Rozdział 1

201 8 5
                                    

Pov Krystian
Siedziałem skulony w kącie, żeby mnie nie zauważyli. AT-cy mieli przyjechać za 3 minuty. Ale te trzy minuty mogły się okazać kluczowe dla jego zdrowia i życia.
Kątem oka mogłem go zobaczyć. Leżał skulony na zimnej podłodze. Był cały we krwi. Wyglądał, jakby nie żył... Jednak widziałem, że żyje. Czułem to. Pozatym... Nie mogłem pozwolić, żeby mój kumpel umarł na moich oczach. Musiałem go uratować. Chociażby dla Natalii. Dla... Dla nich wszystkich. Nie po to obudziłem nadzieję w szefie, żeby teraz on umarł.

...

Pov Natalia
Wyszłam z gabinetu ze zdjęciem USG. Tak. Jestem w ciąży. Zostawił mnie z tym samą. Co ja mam teraz zrobić? Straciłam narzeczonego i teraz muszę sobie poradzić sama z dzieckiem. Udałam się na cmentarz i mu powiedziałam. W końcu musiałam to zrobić. Chyba, że już z góry to widział. Moje rozmyślania przerwał telefon. Krystian. Ostatnia osoba, z którą chce mi się rozmawiać.

...

Pov Natalia
Biegłam, ile sił. To niemożliwe. Niemożliwe... Jak? Tak długo myślałam, że może jednak żyje. I okazało się, że się nie myliłam! Dotarłam tam w końcu. Lekarz i pielęgniarki szybko biegli z łóżkiem, na którym leżał on. Nie widziałam go 2 miesiące. Wyglądał... Strasznie. Był cały poturbowany. Łzy zaczęły lecieć z moich oczu.
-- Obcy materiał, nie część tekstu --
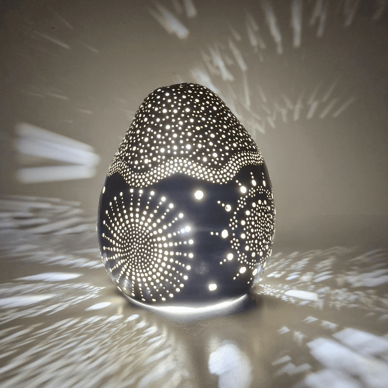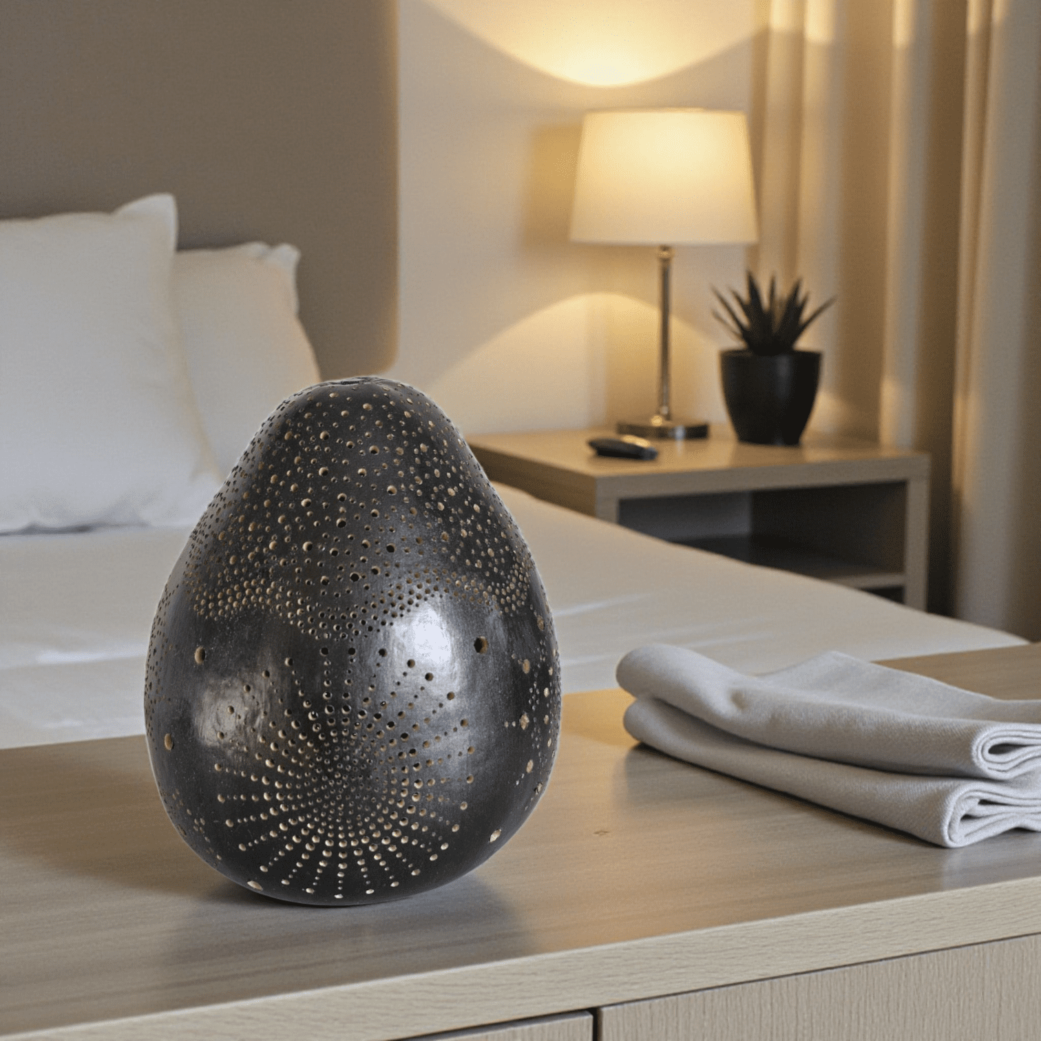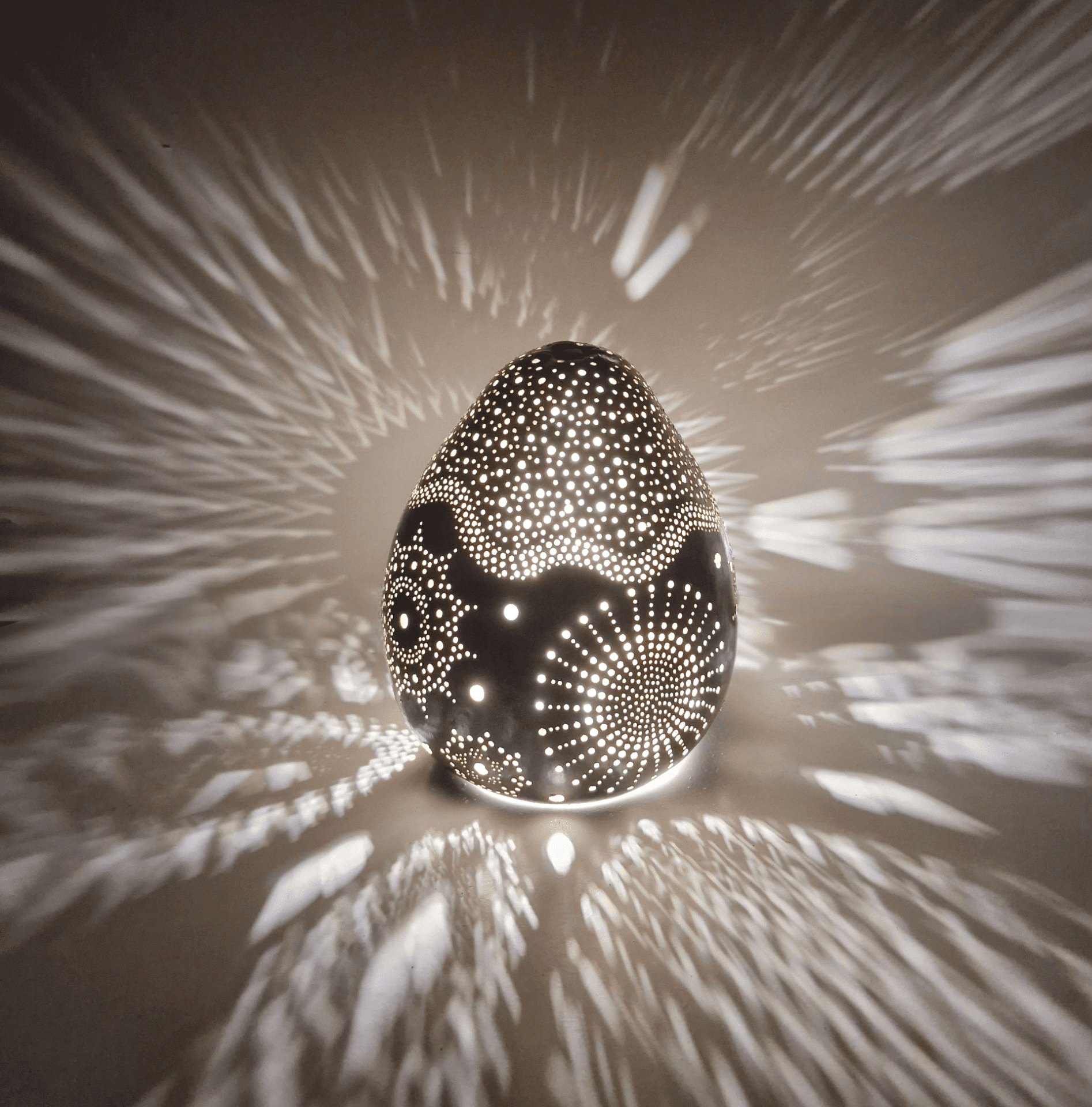 Lumière douce et tamisée qui projette des effets envoûtants sur le mur, grâce aux milliers de trous de différentes tailles percés à l'aide d'une perceuse de précision.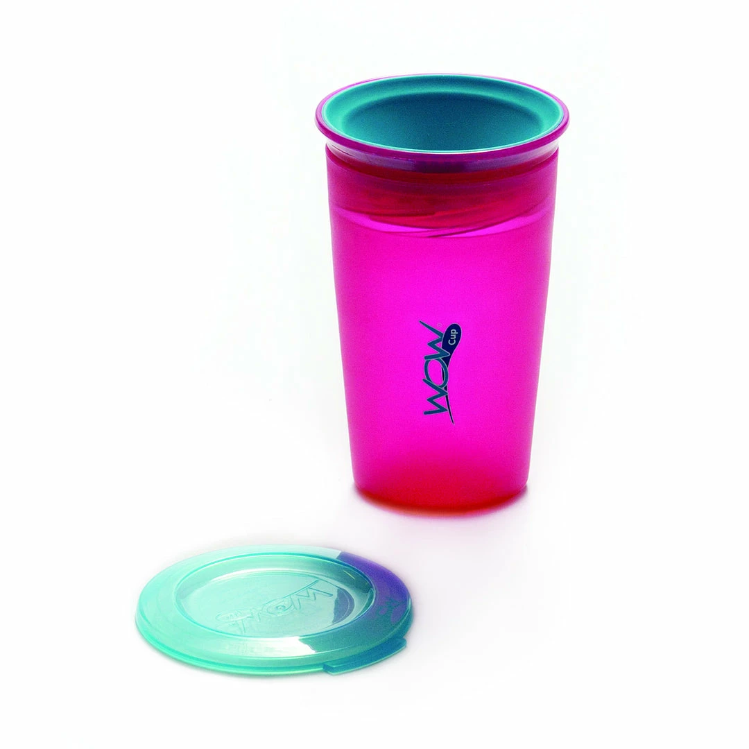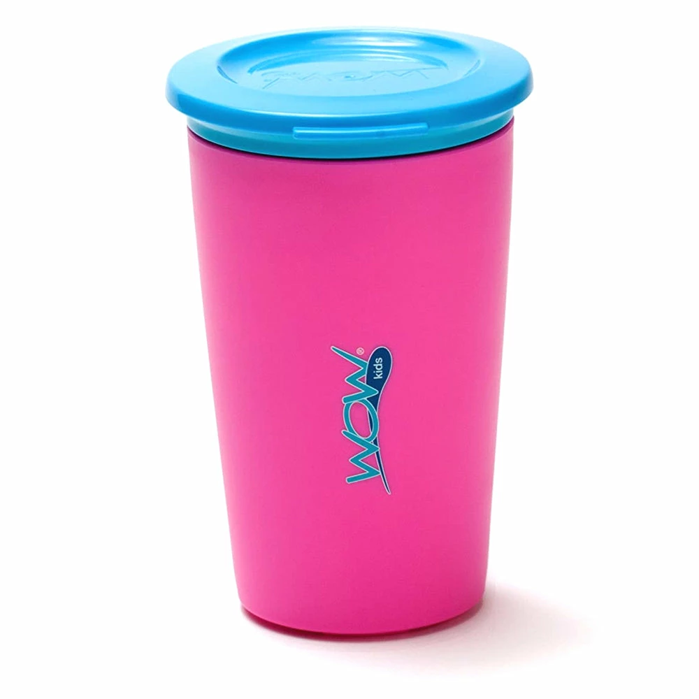 TVTimeDirect Wow Cup For Kids Original 360 Sippy Cup, Pink With Blue Lid, 9 Oz TWO PACK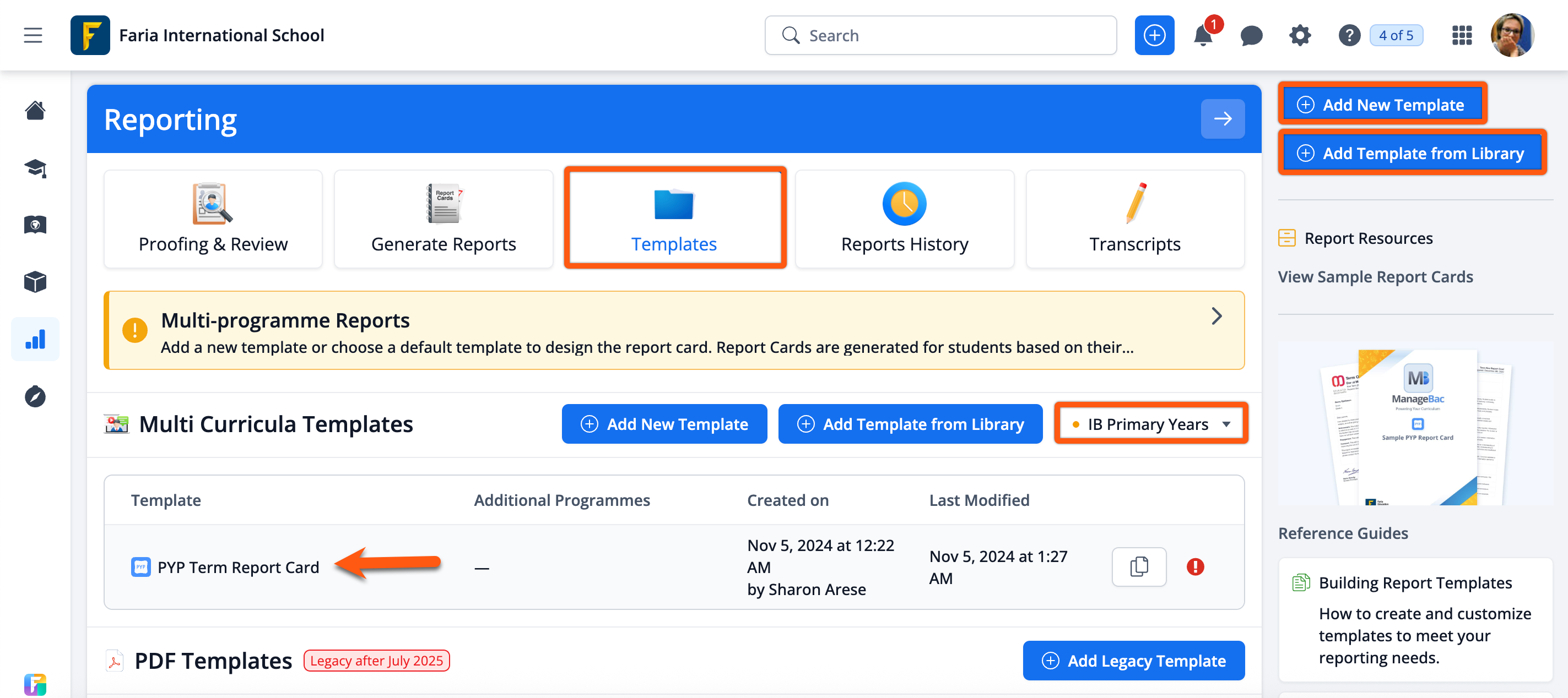 Via Reporting > Templates > IB Primary Years

-Olo? Olo. Olo nie umieraj. Słyszysz mnie?

-Natalia, spokojnie

-Olo...

Zabrali go na salę operacyjną. Usiadłam na krześle i się rozpłakałam. Z nerwów zdjęcie wypadło mi z ręki. Na moje nieszczęście Krystian to zauważył i podniósł. Kątem oka spojrzałam na niego. Na jego twarzy malowało się wielkie zdziwienie

-Jesteś w ciąży?

-...

-Natalia

-Tak. Dowiedziałam się w dniu... W którym ten... Dupek umorzył śledztwo

-Przecież to było półtora miesiąca temu

-No...

-Ale... Ktoś w ogóle wie, że jesteś w ciąży? Tyle czasu i nikomu nie powiedziałaś? Który to miesiąc?

-Trzeci... Danka i Ilona wiedzą...

-A szef?

-Nie...

-Musisz mu powiedzieć. Nie możesz pracować w terenie

-Wiem... Ale teraz nie mam do tego głowy

...

Kilka godzin później z sali operacyjnej w końcu wyszli lekarze z Olgierdem na łóżku. Myślałam, że nie żyje... Lekarze mieli dziwne miny

-Co z nim?

-Kim pani jest dla pacjenta?

-Jestem jego narzeczoną. Co z nim?

-Liczne obrażenia wewnętrzne, do tego zwichnięty nadgarstek i wstrząs mózgu

-Ale przeżyje?

-Zobaczymy. Miejmy nadzieję...

...

Pov Krystian
Siedzieliśmy razem z Natalią już kilka godzin na korytarzu. Niestety nie mogliśmy wejść do sali, w której leżał Olgierd, więc siedzieliśmy na zewnątrz.
Było już dość późno, ale Natalia nie zamierzała się stamtąd ruszać.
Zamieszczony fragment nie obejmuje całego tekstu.